Las noticias sobre explosiones, tomas guerrilleras, desplazados y muertes volvieron a la cotidianidad colombiana. Hasta la semana pasada, se habían reportado más de 85.000 afectados, 26.000 desplazados, cierres de escuelas y la paralización del calendario escolar. Según la Defensoría del Pueblo, hay 11 focos de emergencia humanitaria en el país debido a la violencia. Desde hace varios meses, hemos regresado a un panorama informativo similar al de hace 40 años, en el que el conflicto armado vuelve a ser parte del paisaje cotidiano.
Solo el miércoles pasado, en cuestión de horas, los noticieros difundieron las declaraciones de Nubia Carolina Córdoba, gobernadora del Chocó, denunciando que el ELN mantiene amedrentada a la ciudadanía con cilindros bomba y bloqueos en las vías. Los chocoanos no pueden transitar. Mientras tanto, otros medios mostraban el asesinato de un fiscal en Barranquilla, la explosión que destruyó el peaje de Villa del Rosario, los ataques y disparos en Cúcuta y las dos explosiones en el casco urbano de Popayán. No acabábamos de aterrarnos con un ataque cuando ya llegaba el siguiente.

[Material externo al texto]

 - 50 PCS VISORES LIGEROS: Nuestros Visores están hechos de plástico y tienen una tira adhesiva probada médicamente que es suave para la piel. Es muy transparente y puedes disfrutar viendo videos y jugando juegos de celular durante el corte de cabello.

El impacto del consumo de noticias violentas en el estado de ánimo de las personas es innegable; lo sabemos desde los años 80 y 90. Lo realmente novedoso hoy no es el efecto emocional, sino cómo la sobrecarga informativa está transformando los ángulos interpretativos y la construcción de la verdad. Antes, por ejemplo, existía un consenso claro sobre cómo entender los ataques de narcotraficantes, guerrillas o paramilitares, enmarcados dentro del derecho internacional. El debate, entonces, se centraba en los detalles de las soluciones. Ahora, ese marco compartido se ha fragmentado.

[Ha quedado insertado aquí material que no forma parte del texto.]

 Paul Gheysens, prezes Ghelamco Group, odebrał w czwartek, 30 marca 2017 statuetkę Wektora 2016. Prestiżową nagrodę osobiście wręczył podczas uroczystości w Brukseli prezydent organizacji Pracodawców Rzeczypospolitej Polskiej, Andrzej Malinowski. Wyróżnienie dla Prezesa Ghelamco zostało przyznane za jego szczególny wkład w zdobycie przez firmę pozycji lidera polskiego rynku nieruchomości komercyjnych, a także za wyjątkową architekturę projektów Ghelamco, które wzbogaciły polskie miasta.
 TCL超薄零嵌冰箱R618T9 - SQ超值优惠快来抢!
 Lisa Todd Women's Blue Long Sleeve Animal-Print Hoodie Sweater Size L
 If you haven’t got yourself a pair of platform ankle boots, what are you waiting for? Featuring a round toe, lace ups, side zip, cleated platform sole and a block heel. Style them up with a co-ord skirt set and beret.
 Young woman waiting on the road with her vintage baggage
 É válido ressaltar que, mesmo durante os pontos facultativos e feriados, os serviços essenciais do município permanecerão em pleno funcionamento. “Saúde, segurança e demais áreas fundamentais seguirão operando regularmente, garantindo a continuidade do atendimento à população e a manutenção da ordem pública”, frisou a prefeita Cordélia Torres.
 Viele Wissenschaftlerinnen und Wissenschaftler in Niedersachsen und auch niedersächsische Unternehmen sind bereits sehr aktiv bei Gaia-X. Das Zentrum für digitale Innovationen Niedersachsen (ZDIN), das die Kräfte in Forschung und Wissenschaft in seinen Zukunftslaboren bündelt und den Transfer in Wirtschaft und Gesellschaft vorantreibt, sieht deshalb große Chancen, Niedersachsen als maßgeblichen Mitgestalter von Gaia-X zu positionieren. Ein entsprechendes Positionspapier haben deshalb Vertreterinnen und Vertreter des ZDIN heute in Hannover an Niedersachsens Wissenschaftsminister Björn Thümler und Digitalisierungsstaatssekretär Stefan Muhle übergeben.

No es que el relativo monopolio de la comunicación fuera ideal, ni que estuviera libre de fallas derivadas de los intereses económicos de los conglomerados mediáticos. Además, la dificultad de reportear en el terreno y en tiempo real era una restricción importante. El auge del periodismo ciudadano alivió en parte estos problemas. Sin embargo, pronto quedó claro que tener las imágenes no era suficiente: la noticia no es solo la imagen, sino la interpretación que se hace de ella.
Ahora, con la multiplicación de los medios digitales, el problema ya no es el acceso ni el monopolio, sino lo contrario. Nos encontramos en una etapa donde múltiples agentes —medios, ciudadanos, influencers, políticos y plataformas— operan dentro de un ecosistema de inmediatez extrema, donde los ángulos interpretativos se moldean con alarmante facilidad según los caprichos, a veces accidentales, a veces calculados, del “reportero” o “denunciante”.

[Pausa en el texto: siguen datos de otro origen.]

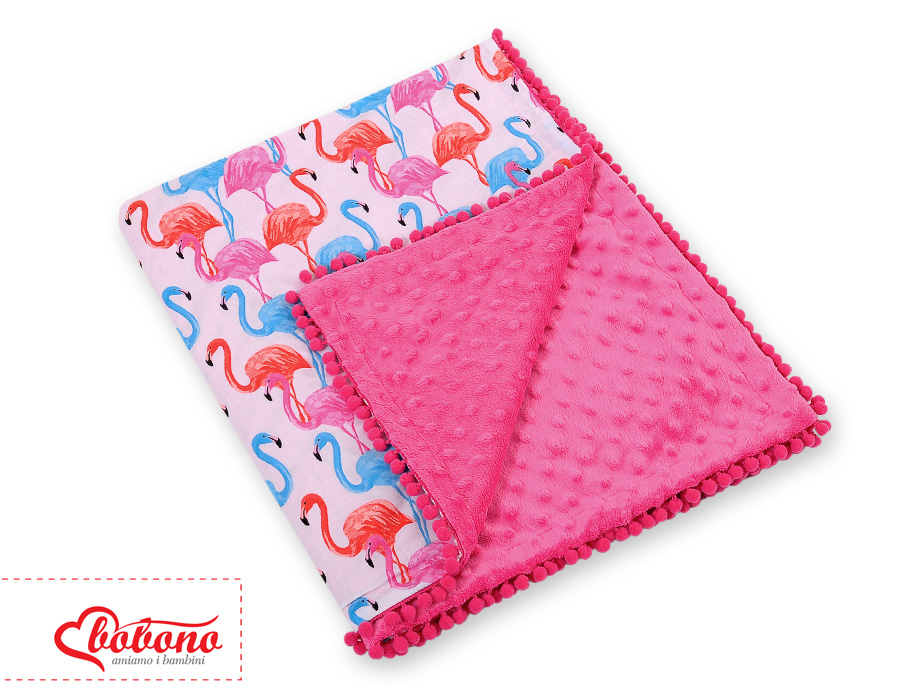Baby Shop » Bedding sets for cots and beds » Collection FUN & JOY » Double-sided blanket minky with pompons » Double-sided baby blanket minky with pompons - flamingo
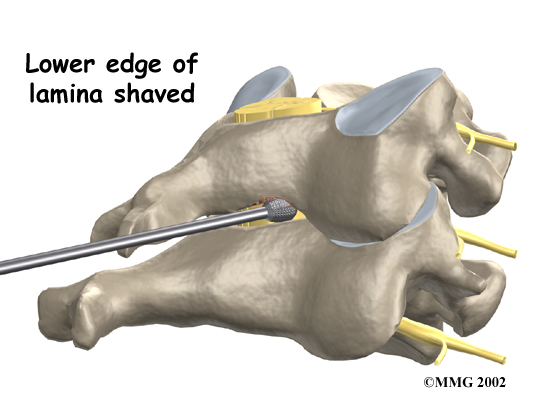 Then the surgeon may use an X-ray to identify the injured disc. A burr is used to , the back part of the ring over the spinal cord. When the disc has jutted straight backward into the spinal cord (central herniation), surgeons may need to completely remove both lamina bones in order to see better and to be able to clear all the pieces of the disc near the spinal cord.
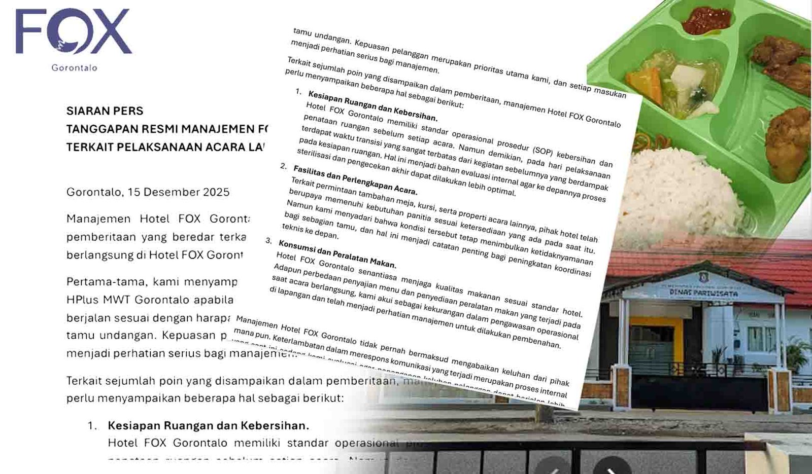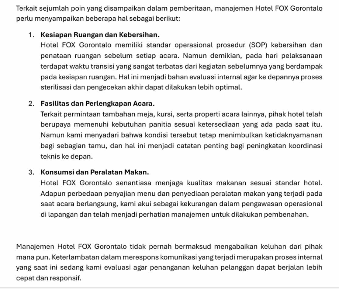 klarifikasi menejemen FOX hotel Gorontalo, pada rilis yang dikirim keredaksi BUTOTA, Pada Senin (15/12)
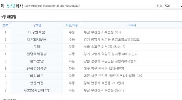 부산 부산진구 부전동에서 나왔다.수동 1등 당첨자는
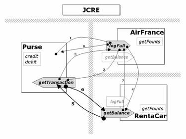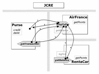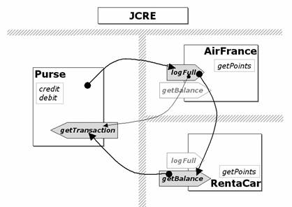 Per rendere ancora più chiaro il significato dell'esempio utilizzeremo, anzichè tre generiche applet, un tipico esempio di Java Card multi-applicativa rappresentato dal borsellino elettronico (electronic purse o più semplicemente Purse) che interagisce con due applet che gestiscono due diverse loyalty (raccolte punti): una applicazione per coloro che viaggiano spesso in aereo (che chiameremo AirFrance) ed una invece che gestisce i punti accumulati presso un noleggio di auto (che chiameremo RentaCar).
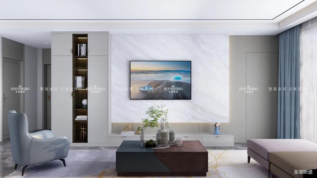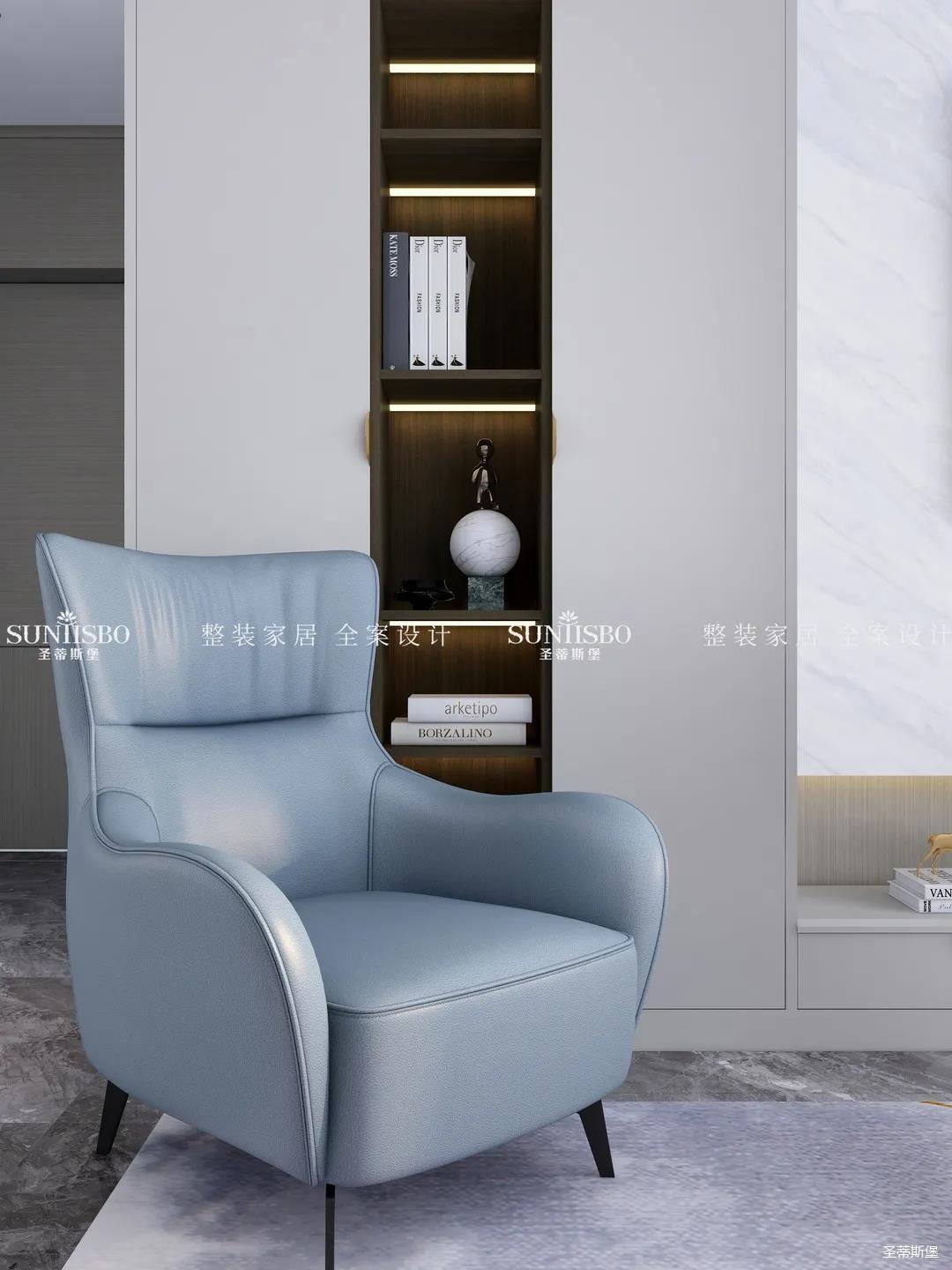 優(yōu)雅淺灰L型定制柜與紋理清晰的大理石組合電視墻,滿足了業(yè)主審美與實(shí)用的雙向需求。一張淡藍(lán)色的休閑椅,讓業(yè)主能感受到亮麗明艷色彩之外的獨(dú)特,低調(diào)不張揚(yáng),卻在溫潤中傳遞出色彩的力量。通過紋理清晰的護(hù)墻為底,為柔和優(yōu)雅的靜態(tài)客廳增添了層次感十足的空間律動。

Este flujo de marcos conceptuales, o mejor, de puntos de vista, ha alterado nuestra noción de verdad. Antes, con los medios tradicionales, los ángulos interpretativos eran más estables. Pero ahora, en este torbellino informativo, los hechos se mezclan sin orden ni jerarquía. Un atentado en Colombia aparece en la misma línea de discusión que la guerra en Ucrania o el conflicto en Palestina, de las infidelidades de Petro y del nuevo sencillo de Shakira. La opinión pública se ha convertido en una conversación de borrachos donde los referentes que ordenan las discusiones no tienen espacio y la mitad de la conversación usa formulaciones del estilo “yo siento”, “yo percibo”, “yo creo” y ni un solo referente a hechos verificables, contexto histórico o marco interpretativo.
En Colombia llevamos años en estados de resignación y negación ante la exposición de la violencia con repeticiones abrumadoras de imágenes crueles y sangrientas. Ahora, en un panorama donde la violencia ha vuelto a impregnar la agenda informativa con una carga abrumadora de sucesos sangrientos, cabe preguntarse cómo recuperar una capacidad de análisis que nos permita distinguir lo urgente de lo anecdótico, lo estructural de lo pasajero. Si antes el problema era el control de la información, hoy es su dispersión descontrolada.